* What is required
What is needed here is an exact repetition of the records below, beginning at the line that has "在此次汇演中,同学们紧紧围绕" and stopping after the line that has "Presenting this sophisticated".

* Given data
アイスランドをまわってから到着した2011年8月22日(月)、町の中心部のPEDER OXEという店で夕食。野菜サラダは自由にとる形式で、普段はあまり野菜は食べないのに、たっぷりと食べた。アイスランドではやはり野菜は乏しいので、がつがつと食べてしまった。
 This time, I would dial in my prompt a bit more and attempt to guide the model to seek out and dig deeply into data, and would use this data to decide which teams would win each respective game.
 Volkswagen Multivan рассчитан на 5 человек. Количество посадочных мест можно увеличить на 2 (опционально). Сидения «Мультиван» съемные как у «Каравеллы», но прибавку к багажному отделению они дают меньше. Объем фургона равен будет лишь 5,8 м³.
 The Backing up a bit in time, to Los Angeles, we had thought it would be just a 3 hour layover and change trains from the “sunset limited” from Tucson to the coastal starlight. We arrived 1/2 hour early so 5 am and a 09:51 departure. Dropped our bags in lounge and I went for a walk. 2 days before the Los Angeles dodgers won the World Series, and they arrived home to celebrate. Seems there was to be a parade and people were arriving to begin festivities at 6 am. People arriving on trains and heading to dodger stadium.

--

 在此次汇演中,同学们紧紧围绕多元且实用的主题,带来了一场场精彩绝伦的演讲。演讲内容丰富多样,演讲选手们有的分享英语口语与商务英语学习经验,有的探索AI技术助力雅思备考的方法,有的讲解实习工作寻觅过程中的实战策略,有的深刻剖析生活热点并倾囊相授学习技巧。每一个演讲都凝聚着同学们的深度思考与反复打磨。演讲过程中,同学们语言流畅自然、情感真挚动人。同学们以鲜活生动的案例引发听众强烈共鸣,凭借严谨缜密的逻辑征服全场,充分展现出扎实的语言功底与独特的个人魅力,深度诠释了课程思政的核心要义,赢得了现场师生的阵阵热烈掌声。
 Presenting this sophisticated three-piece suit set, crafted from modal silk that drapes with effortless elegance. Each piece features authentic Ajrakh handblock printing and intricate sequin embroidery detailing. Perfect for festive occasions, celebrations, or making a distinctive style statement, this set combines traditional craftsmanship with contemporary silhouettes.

* Task answer
 在此次汇演中,同学们紧紧围绕多元且实用的主题,带来了一场场精彩绝伦的演讲。演讲内容丰富多样,演讲选手们有的分享英语口语与商务英语学习经验,有的探索AI技术助力雅思备考的方法,有的讲解实习工作寻觅过程中的实战策略,有的深刻剖析生活热点并倾囊相授学习技巧。每一个演讲都凝聚着同学们的深度思考与反复打磨。演讲过程中,同学们语言流畅自然、情感真挚动人。同学们以鲜活生动的案例引发听众强烈共鸣,凭借严谨缜密的逻辑征服全场,充分展现出扎实的语言功底与独特的个人魅力,深度诠释了课程思政的核心要义,赢得了现场师生的阵阵热烈掌声。
 Presenting this sophisticated three-piece suit set, crafted from modal silk that drapes with effortless elegance. Each piece features authentic Ajrakh handblock printing and intricate sequin embroidery detailing. Perfect for festive occasions, celebrations, or making a distinctive style statement, this set combines traditional craftsmanship with contemporary silhouettes.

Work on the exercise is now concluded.